Friday, 16 October 2009

Freedom Press

Freedom Press

16th October 2009
The Malta Independent - Friday Wisdom
Alfred Mifsud


Real democracy depends on a free press. Yesterday’s 30th anniversary of the burning of The Times building marks the true beginning of the end of Dom Mintoff’s premiership.

This was given tangible meaning when his Labour lost the overall voting majority in the December 1981 elections.

These two events forced many level headed voters to re-assess Mintoff’s relevance for the country’s future in post Freedom Day Malta.

On this I had built my assessment that there are two versions of Dom Mintoff. Here is what I had written on 9 July 2000 in Labour’s il-Kulhadd in an article titled ‘Mintoff vs Mintoff’.

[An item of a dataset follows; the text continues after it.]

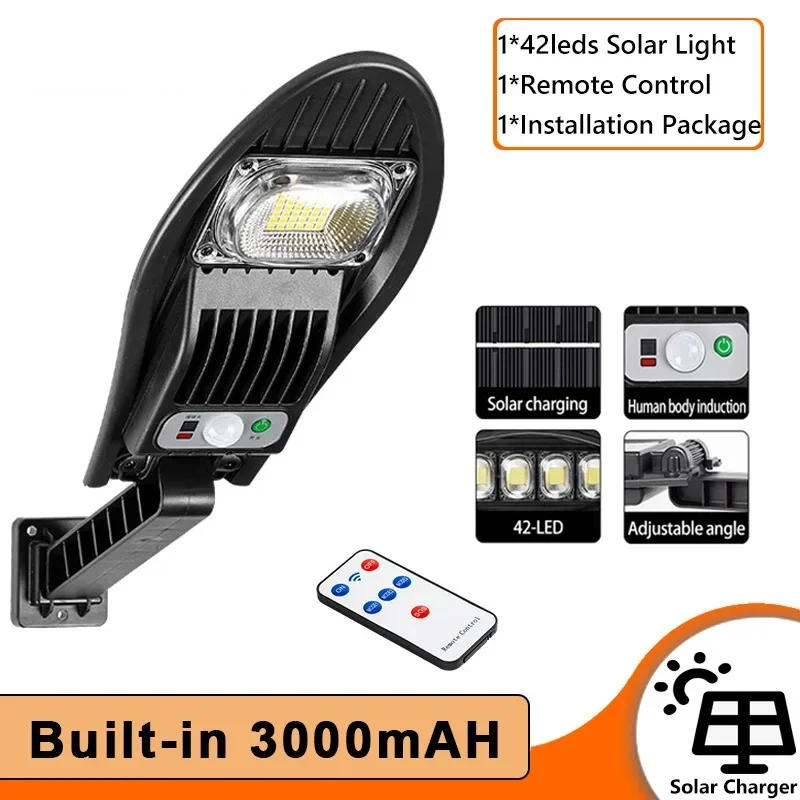 Specifications: Product model: 42LED/84LED/126LED/168LED Light physique material: PC+ABS Solar panel specifications: monocrystalline silicon five 1 Battery specification: 18650 lithium battery 3 3000MAH/5000MAH/8000MAH/10000MAH with price and discharge defense Output power: 5V/7W Charging time: 6 hours in the photo voltaic PIR sensing angle: 360 levels Sensing distance: 5-10 meters Button lighting mode: - OFF: off mode, the indicator mild is red; - First gear: Some humans coming, brightly remove darkness from for 15-30 seconds, when nobody lights off; - Second gear: Some people coming, brightly comfortable for 15-30 seconds, and when there's no one, the sunshine is always vivid and weak; - Third gear: No subject if no one is there, and the weak gentle is always on. Advantages: Solar water-resistant four-sided human body induction wall mild switch front surroundings is less complicated to operate, and added indicator gentle display, energy saving and environmental protection, green lighting, lengthy life, durability, low fault fix rate, high radiation stability, simple set up (only want 2 Screws could be constant on the outside wall that can be sun-lit. It is easy to use, clever light-sensing control, no adjustment, energy-saving and convenient, making your house extra exquisite and intelligent. Application Scenarios: Solar water-resistant four-sided human physique induction wall lamp is suitable for out of doors corridors, garden gates, roof terraces, courtyard wall villas, store windows, shops, homes and diversified outside environments, no wiring, no electricity, exquisite craftsmanship and exotic taste. 3 Lighting Modes + Remote Control Remote management 3 diverse modes Mode 1: Automatically switch on when motion detected and turn off after light fixtures on round 30 seconds. Mode 2: Always switch on 10% dim gentle under darkness condition, it develop to be one hundred pc brightness when movement detected objects. Mode 3: Always switch on 30% Medium tender under darkness condition. How The Product Works The product must be charged through the day. It needs to be famous that the photo voltaic panel must be aimed at the sun, as a manner to make sure that the battery is charged and fully charged, and the product can be utilized all evening at night. High Efficiency Solar Panels The product doesn't require any electricity bills, and has a photo voltaic panel with nice water-resistant and pleasant performance, which might be immediately charged. Product Scene Display The product is simple to install and can be put in in assorted places, comparable to gardens, streets, backyards, garages, balconies, aspect walls. Ultra-Large Range Lighting PIR sensor can discover human motion from 16-49ft. AT NIGHT, when motion is detected, the security light fixtures will automatically turn ON.

“The greatness of Mintoff for Malta until Freedom Day cannot be denied. It would be a grave error for anyone to belittle these achievements due to Mintoff’s subsequent disastrous performance.

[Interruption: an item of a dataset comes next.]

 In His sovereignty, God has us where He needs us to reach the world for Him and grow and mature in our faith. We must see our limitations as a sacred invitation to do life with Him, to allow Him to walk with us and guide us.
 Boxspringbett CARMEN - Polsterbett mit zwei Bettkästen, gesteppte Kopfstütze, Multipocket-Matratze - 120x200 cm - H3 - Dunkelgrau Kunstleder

“I maintain that for historical assessment Mintoff must be packaged in two very contrasting chapters. The first chapter ends on Freedom Day where Mintoff achieved all he had worked for in 32 years of political militancy. This chapter shows Mintoff was no ordinary politician but was the soul and conscience of the country. He was the inspiration to move out of our colonial mentality of servitude and really start thinking as members of a sovereign state.

“A glorious chapter of great economic straddles, intellectual liberation and the building of a social network suited for a modern society which made us proud to be Maltese. A chapter of great democratic achievements where the Labour movement neutralised the power network of capital which hitherto used to dominate with the Church’s support.

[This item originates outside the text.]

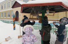 "Кыш көне кошларны яклыйк" акциясендә без дә катнаштык. Әтиләребез, дәү әтиләребез җимлекләр ясадылар. Без аларны бакчабыз мәйданчыгында элеп куйдык, кошларга җимнәр салдык.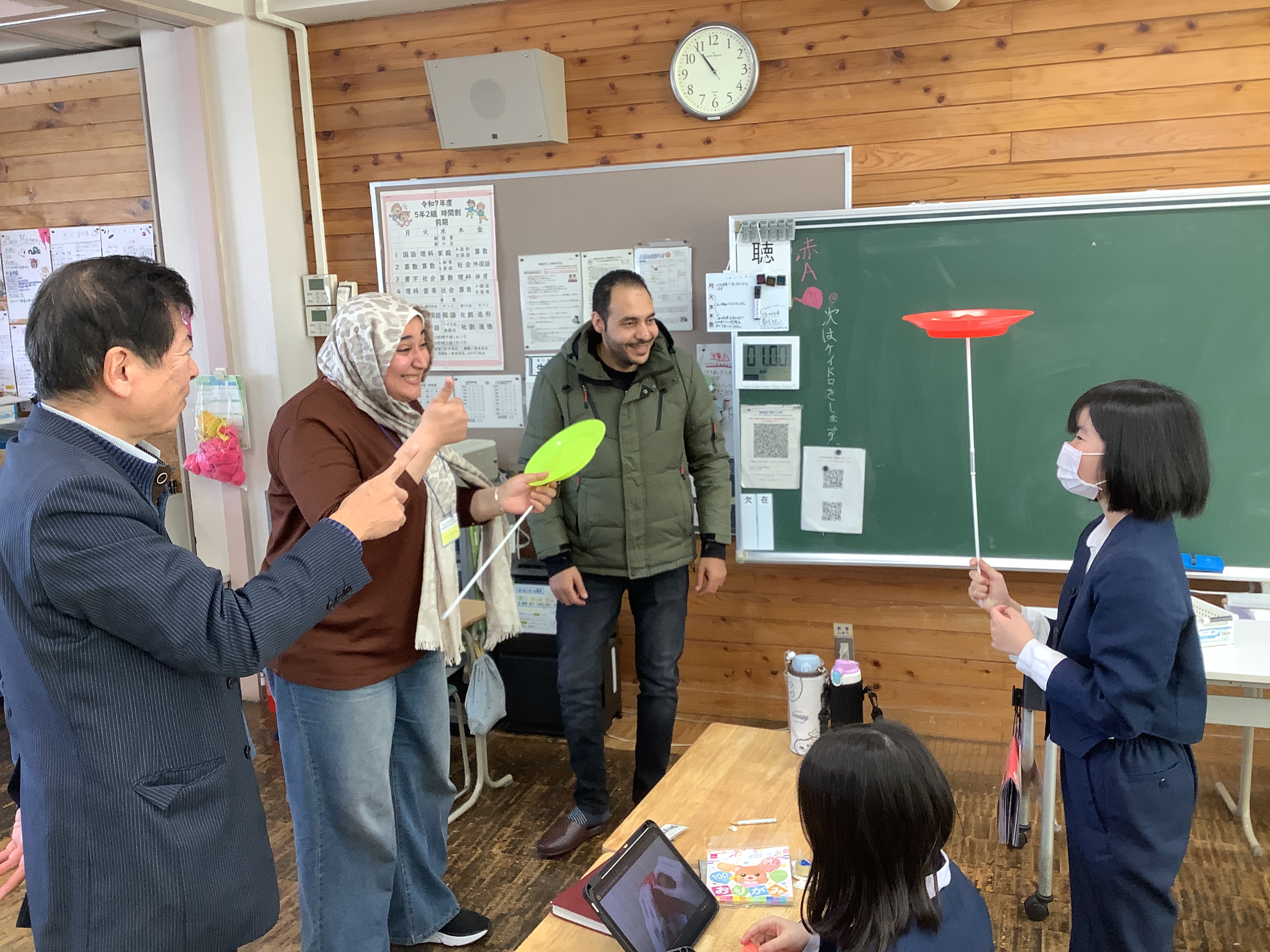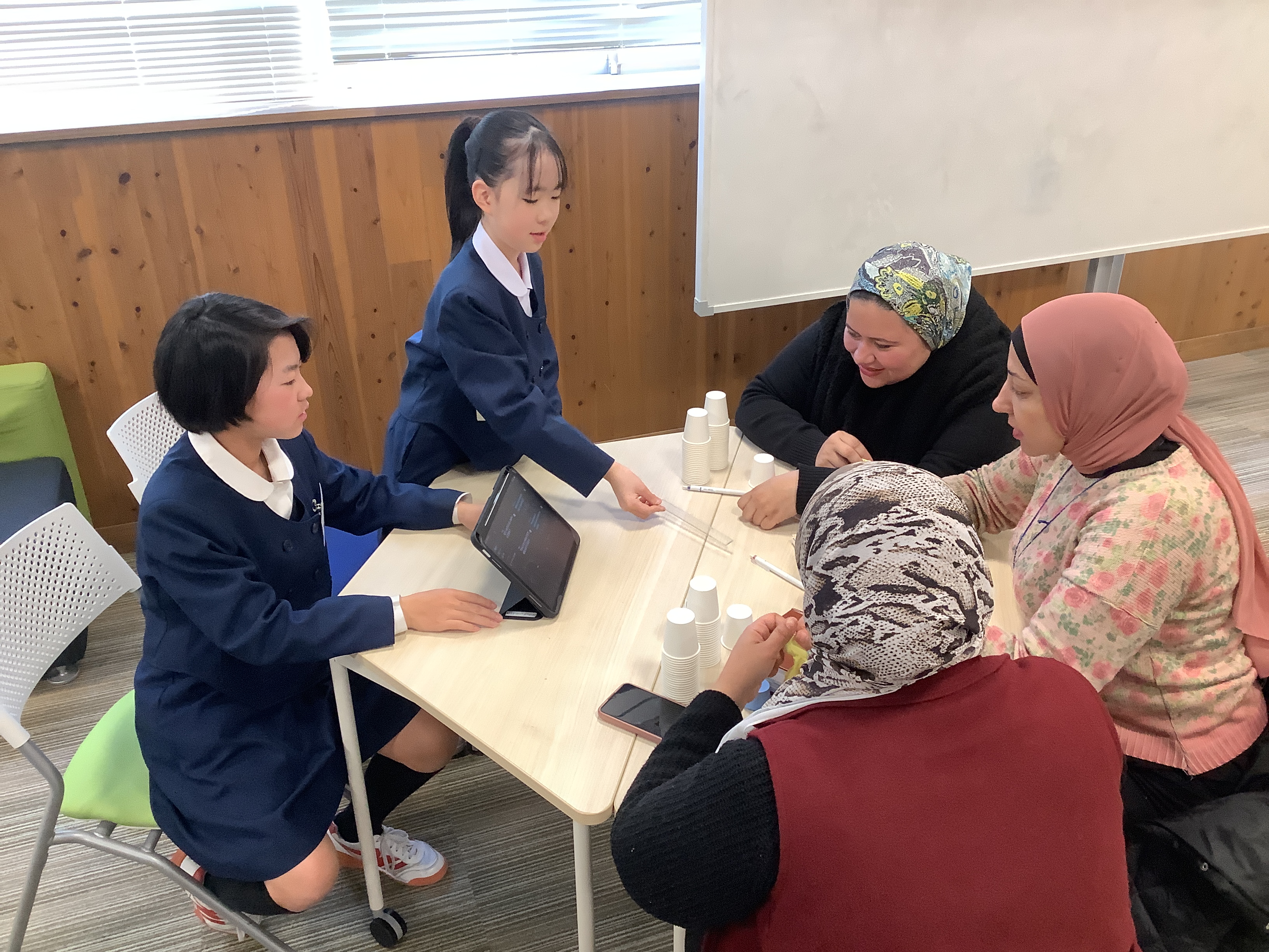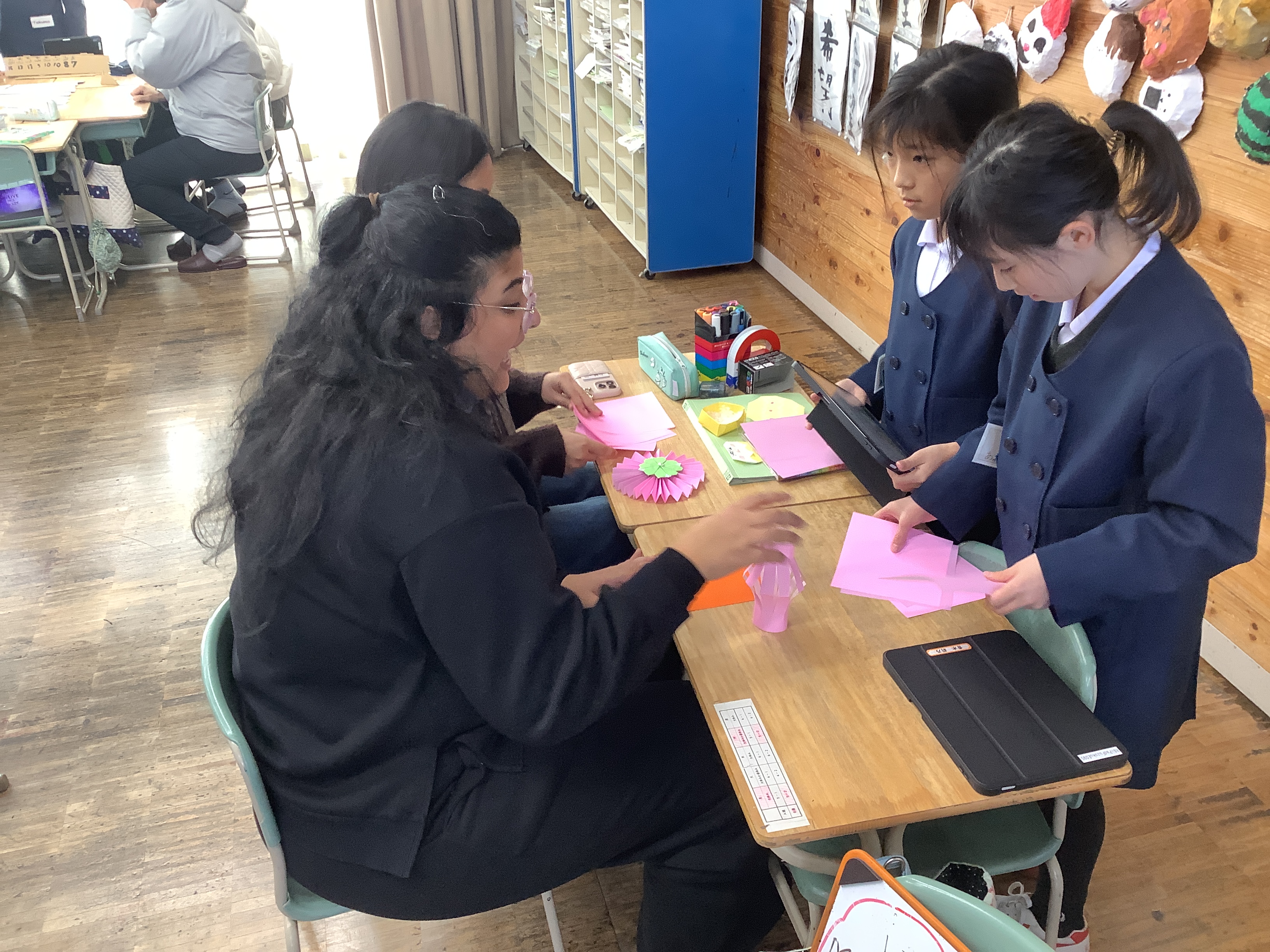 自己紹介を終えた子供たちは、早速それぞれ紹介する日本文化を体験してもらい、交流しました。エジプトの方々からも、コメントや質問があり、子供たちは相手の話に耳を傾け、時には協力して内容を理解したり、返答やさらなる質問をしたりしていました。 これまでの交流の経験、学習してきた表現を総動員して、子供たちはエジプトの方々との有意義な時間を過ごしました。今後は、子供たちとこれまでの学びを確認しながら、次年度に向けた外国語の学習の未来図を描き始めます。

“This glorious chapter ended as an obscure one began. A chapter where Mintoff could not accept the consequences of the change he himself had brought about. Where he started restricting the liberty he had worked for by the dismantling of the colonial cage and instead expected that he decides what’s best for us even in such things as the nature of the chocolate we eat and the TV we watch. Where he failed to realise that the country needed leadership with a different set of skills in the post Freedom Day reality.

“This post March 1979 chapter is very dark indeed. Mintoff became a rebel without a cause.

“The burning of The Times and the violence on the private residence of the Leader of the Opposition were highly anti-democratic acts. In tolerating them Mintoff was betraying all that he had struggled for in the first chapter. The pinnacle of this betrayal was reached with the electoral result of the 1981 election.

“One can bring a million excuses but it will not change the fact that a majority of the electorate had chosen a Nationalist government. Had Mintoff recognised the sign of times his stature would have become gigantic if he had found a way to give practical significance to the electorate’s decision of 1981. Instead he did the opposite and he started dismantling his democratic credentials by adopting a more repressive posture while governing without a moral mandate.

“The contrast between the Mintoff of both chapters is clearly borne out by his intervention in a press conference in the 1976 election campaign. A journalist had asked him a question using the phrase ‘your party’. Mintoff was quick to correct him that he belonged to the party not the party belonged to him. Mintoff of the second chapter seemed to think otherwise when he brought down a democratically elected Labour government in 1998”

I am reviving all this because I maintain that Mintoff’s downfall started through his mild reaction to the serious offences against democracy executed by people in his fold 30 years ago. The freedom of the press and the opposition’s right to criticise freely, its right to due access of information, and its duty to watch over the government workings are treasures to be well guarded.

This brings me to the revelation this week about the alleged impropriety by the Minister of Finance in accepting an invitation to travel for leisure with members of his family with two prominent businessmen who paid for or procured the travel and the entertainment.

Politicians live in a glass house and the press would be failing us all if such facts are not brought into public domain.

I happen to think that the Minister was naive rather than corrupt in accepting the invitation. Ministers should bear in mind Friedman’s dictum of no free lunch and conduct a life style which matches their income. Tonio Fenech is one such Minister.

He is to be admired for pursuing policy objectives he believes in and which are needed to correct a gaming situation which got out of hand in spite of his being threatened by exposure which in the very least shows his political naivety. But he cannot blame the press for doing its work.